Książka powstała w wyniku analizy listów, pamiętników oraz wspomnień członków rodziny Sienkiewicza, przyjaciół oraz krewnych jego wybranek serca. Wiele tu ciekawostek, odniesień do literackich bohaterów, trochę historii. Trzeba docenić dociekliwość autorki w poszukiwaniu źródeł. Czytało mi się dobrze, aczkolwiek nie tak dobrze, jak Czas nasturcji. Być może z powodu sposobu wplatania cytatów w treść fabuły, w taki sposób, że trudno było mi oddzielić gdzie kończy się cytat, a gdzie zaczyna treść. Może też dlatego, że cytaty pozbawione są przypisów. Zauważyłam też niekonsekwencję w stosowaniu obcojęzycznych zwrotów, niektóre zostały przetłumaczone na polski, inne pozostały wyłącznie w oryginalnej wersji językowej.
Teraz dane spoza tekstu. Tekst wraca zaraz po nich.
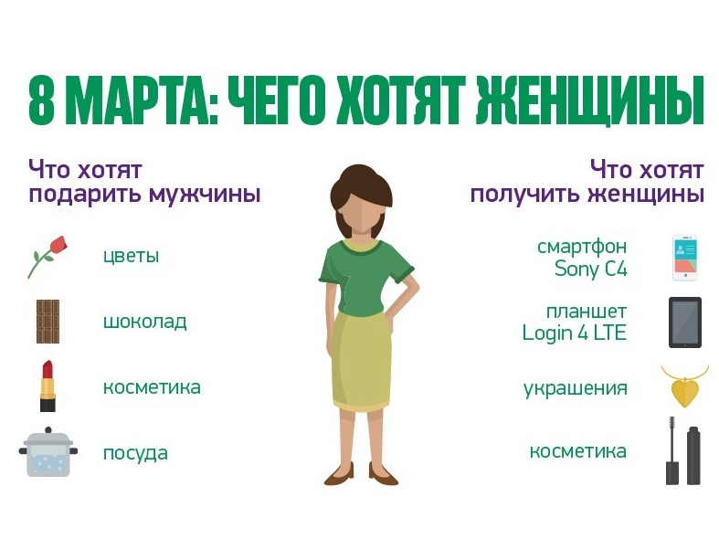 Как следует из целого ряда опросов, первые места в рейтинге предпраздничных ожиданий занимают отнюдь не цветы и конфеты – обладатели первых мест в перечне «мужских предложений». Таких пунктов, равно как и посуды, в женском «хит-параде» нет вовсе. Косметика, обычно стоящая в мужских рейтингах на третьем месте, присутствует, но не более как замыкающий пункт. Что и понятно: в косметических средствах большинство мужчин разбирается настолько хорошо, что лучше им выбор не доверять. Зато многие современные дамы с удовольствием получили бы в подарок полезный девайс – смартфон или планшет. В этой сфере как раз хочется положиться на мужчин, по традиции лучше ориентирующихся в технических характеристиках.

Ale to taka drobna przeszkoda, bowiem książkę (ok. 400 stron) przeczytałam w dwa dni. 
Tym, co raziło mnie w osobie pisarza były zdrobnienia. Sienkiewicz miał denerwującą manierę stosowania zdrobnień; pełno tu kociątek, rączętek, nóżynieczek, pyszczeczków i innych niuniunieczków. 
Pomiędzy opisem uczuć (listy pisarza pełne wspomnianych wyżej spieszczeń) odnajdujemy informacje na temat; początków literackiej kariery, licznych podróży, funduszu im. Maryni na rzecz zagrożonych chorobą piersiową artystów, jego stosunku do Ojczyzny, odbioru nagrody Nobla. To one wzbudziły moje największe zainteresowanie, ale to uczucia i ich adresatki są głównym tematem książki. 
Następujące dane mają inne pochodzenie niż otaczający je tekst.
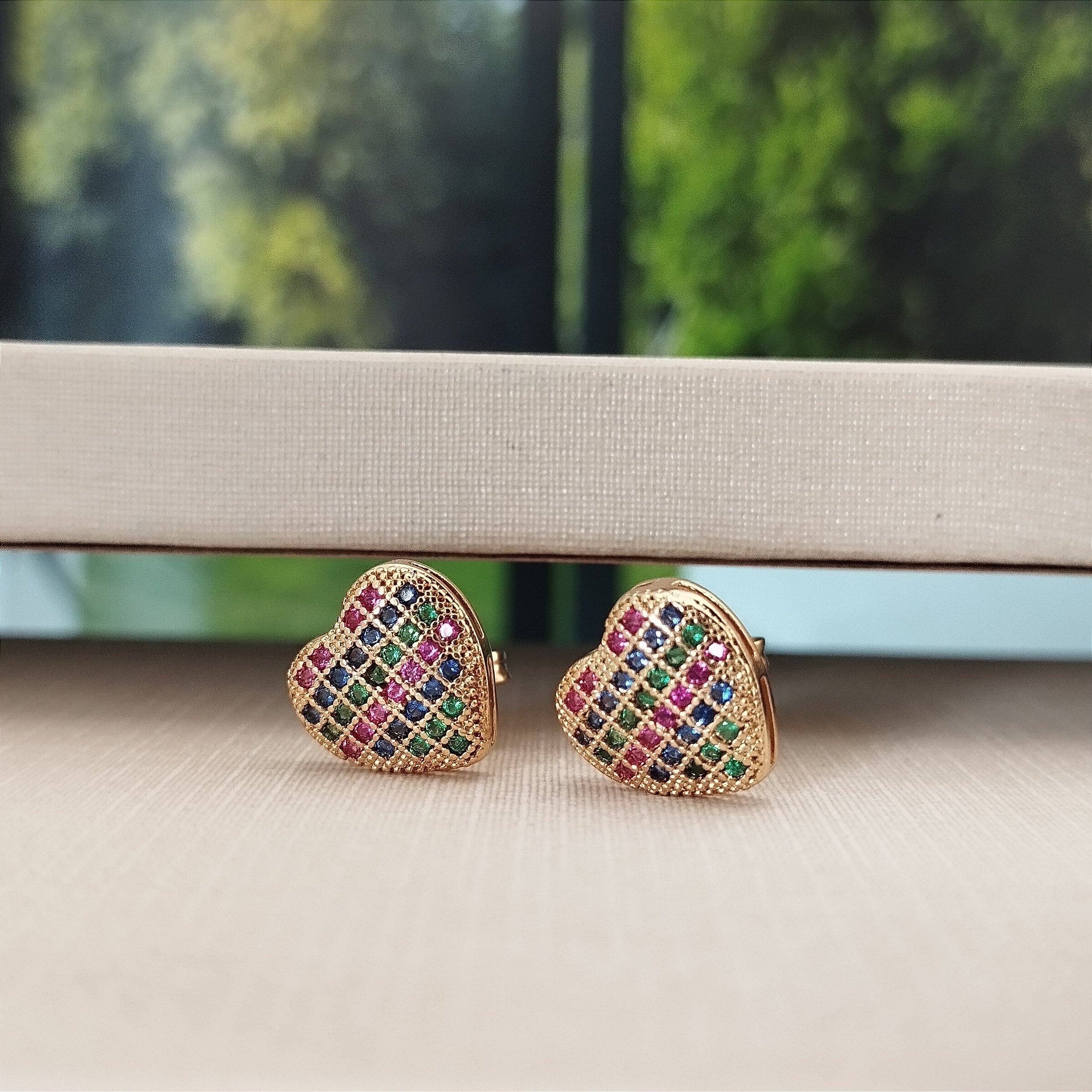 Brinco Coração Multicor - 10mm - Semijoia 18k

Największą sympatią autorki cieszy się pierwsza żona pisarza. 
Bez niej nie mielibyśmy może ani Ogniem i mieczem, ani Potopu, bo ich autorowi przyzwyczajonemu dotychczas do kilkunastu fejletonowych nowelek, zbrakłoby wytrwałości do napisania obszerniejszych rozmiarów powieści. Ona przytłumiła w nim tę pesymistyczną nutę, która dźwięczała zawsze trochę rozpaczliwie we wszystkich jego poprzednich utworach, ona rozpogodziła ten umysł, co zbyt czarno zaczął już na świat patrzeć: ona była największym na ziemi jego uczuciem, przyjaciółką, powiernicą, doradczynią, krytykiem i jedyną osobą, o której sąd i zadowolenie dbał istotnie (pisze za Antonim Zalewskim Str.197 Marie jego życia Wydawnictwo literackie Kraków 1973 r. wydanie II).
Ze wszystkich pięciu Marii najbardziej interesująca wydaje się druga żona pisarza. Intrygujące są motywy, jakimi kierowała się decydując się na małżeństwo, a następnie ucieczkę od męża podczas miodowego miesiąca. 
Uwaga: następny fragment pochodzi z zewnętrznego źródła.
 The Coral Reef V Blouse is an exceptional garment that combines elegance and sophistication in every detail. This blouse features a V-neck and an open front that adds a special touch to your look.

Cytując jej syna z drugiego małżeństwa nie odnajdujemy wyjaśnienia:
Jeszcze sześć lat przed ,śmiercią matka zapytana o Sienkiewicza mówiła o nim z wielkim uznaniem. Że genialny pisarz, wielki patriota i prawdziwy gentelman. Zapytałem;- Dlaczego wyszłaś za niego? Dla pieniędzy? Dla sławy? – Zaprzeczyła gorąco; Nigdy w życiu. (Str. 270) 
Może podobnie, jak Linettka Castelli była ona bezwolną marionetką w ręku swej opiekunki.
Sienkiewicz nie miał szczęścia w miłości (jedną stracił zbyt szybko, inną odnalazł zbyt późno), ale to one były jego natchnieniem i to także im zawdzięczamy Trylogię, Rodzinę Połanieckich, Quo vadis, Krzyżaków. 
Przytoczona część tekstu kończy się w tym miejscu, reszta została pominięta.